Samstag der 10. Woche im Jahreskreis

 

Tagesgebet

Barmherziger Gott.

Du bietest jedem Menschen deine Gnade an.

Auch uns hast du hierher gerufen,

obwohl du weißt, wie wir sind:

sündige Menschen, die ihr Gewissen anklagt,

Menschen mit schwachem Glauben.

Rede uns nun zu Herzen.

Tröste, ermahne und ermutige uns.

Heilige uns in deiner Gnade.

Darum bitten wir durch Jesus Christus. (MB 313,24)

 

Oder ein anderes Tagesgebet.

 

 

Jahr I

Zur Lesung   Im Neuen Bund findet der Alte seine Erfüllung und sein Ziel. Aber nicht nur der Alte Bund ist überholt: die Schöpfung selbst ist anders geworden, seit Jesus, „für alle“ gestorben ist; „von jetzt an“ (V. 16) ist die Welt nicht mehr die Alte. Im Tod Jesu ist Gottes Gericht über diese Welt ergangen, und durch das Gericht ist die Erneuerung geschehen. Wer jetzt lebt, kann nicht mehr für sich leben: „die Liebe Christi drängt uns“ (V. 14); daraus, dass Jesus für alle gestorben ist, ergeben sich Folgerungen. - Gott hat 1. die Welt mit sich versöhnt, und er hat 2. unter uns das Wort der Versöhnung aufgerichtet (V. 18 und 19). Durch das Wort der Versöhnung, das den Aposteln aufgegeben ist, geschieht fortwährend neue Schöpfung mitten in dieser alten vergehenden Welt. Das Evangelium von der Versöhnung ist das neue Schöpfungswort, auf das hin schon das Wort der ersten Schöpfung gesprochen war. - Gal 6,15; Röm 1,2; 8,32; Gal 2,20; Röm 6,4-11; 14,9; 7,5-6; Jes 43,19; Mt 9,16-17; Eph 2,10; Hebr 8,13; Röm 5,10; Joh 3,17; Jer 53,5-8; Röm 8,3-4; Gal 3,13; 1 Petr 2,24; 1 Joh 3,5.

 

 

ERSTE Lesung

2 Kor 5, 14-21

Er hat den, der keine Sünde hatte, für uns zur Sünde gemacht

Lesung aus dem zweiten Brief des Paulus an die Korinther

Brüder!

14Denn die Liebe Christi drängt uns, da wir erkannt haben: Einer ist für alle gestorben, also sind alle gestorben.
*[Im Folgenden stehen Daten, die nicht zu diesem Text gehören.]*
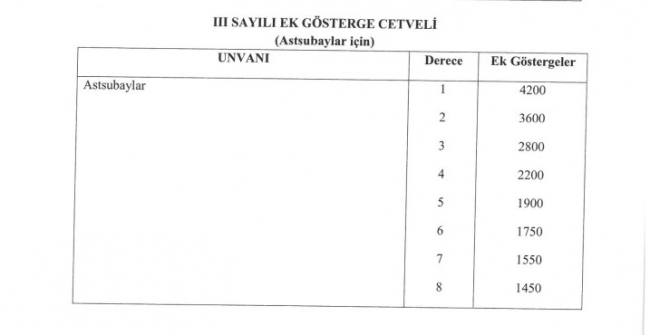 Astsubayların ek gösterge cetveli belli oldu. Yeni ek gösterge cetveline göre 1. derece astsubayların ek göstergesi 4200 oldu.

15Er ist aber für alle gestorben, damit die Lebenden nicht mehr für sich leben, sondern für den, der für sie starb und auferweckt wurde.

16Also schätzen wir von jetzt an niemand mehr nur nach menschlichen Maßstäben ein; auch wenn wir früher Christus nach menschlichen Maßstäben eingeschätzt haben, jetzt schätzen wir ihn nicht mehr so ein.

17Wenn also jemand in Christus ist, dann ist er eine neue Schöpfung: Das Alte ist vergangen, Neues ist geworden.

18Aber das alles kommt von Gott, der uns durch Christus mit sich versöhnt und uns den Dienst der Versöhnung aufgetragen hat.

19Ja, Gott war es, der in Christus die Welt mit sich versöhnt hat, indem er den Menschen ihre Verfehlungen nicht anrechnete und uns das Wort von der Versöhnung zur Verkündigung anvertraute.

20Wir sind also Gesandte an Christi statt, und Gott ist es, der durch uns mahnt. Wir bitten an Christi statt: Lasst euch mit Gott versöhnen!

21Er hat den, der keine Sünde kannte, für uns zur Sünde gemacht, damit wir in ihm Gerechtigkeit Gottes würden.

 

 

Antwortpsalm

Ps 103 (102), 1-2.3-4.8-9.11-12 (R: vgl. 8)

          R Gnädig und barmherzig ist der Herr. - R

(GL 527, 5)

1        Lobe den Herrn, meine Seele,

IV. Ton

          und alles in mir seinen heiligen Namen!

2        Lobe den Herrn, meine Seele,

          und vergiss nicht, was er dir Gutes getan hat. - (R)

3        Der dir all deine Schuld vergibt

          und all deine Gebrechen heilt,

4        der dein Leben vor dem Untergang rettet

          und dich mit Huld und Erbarmen krönt. - (R)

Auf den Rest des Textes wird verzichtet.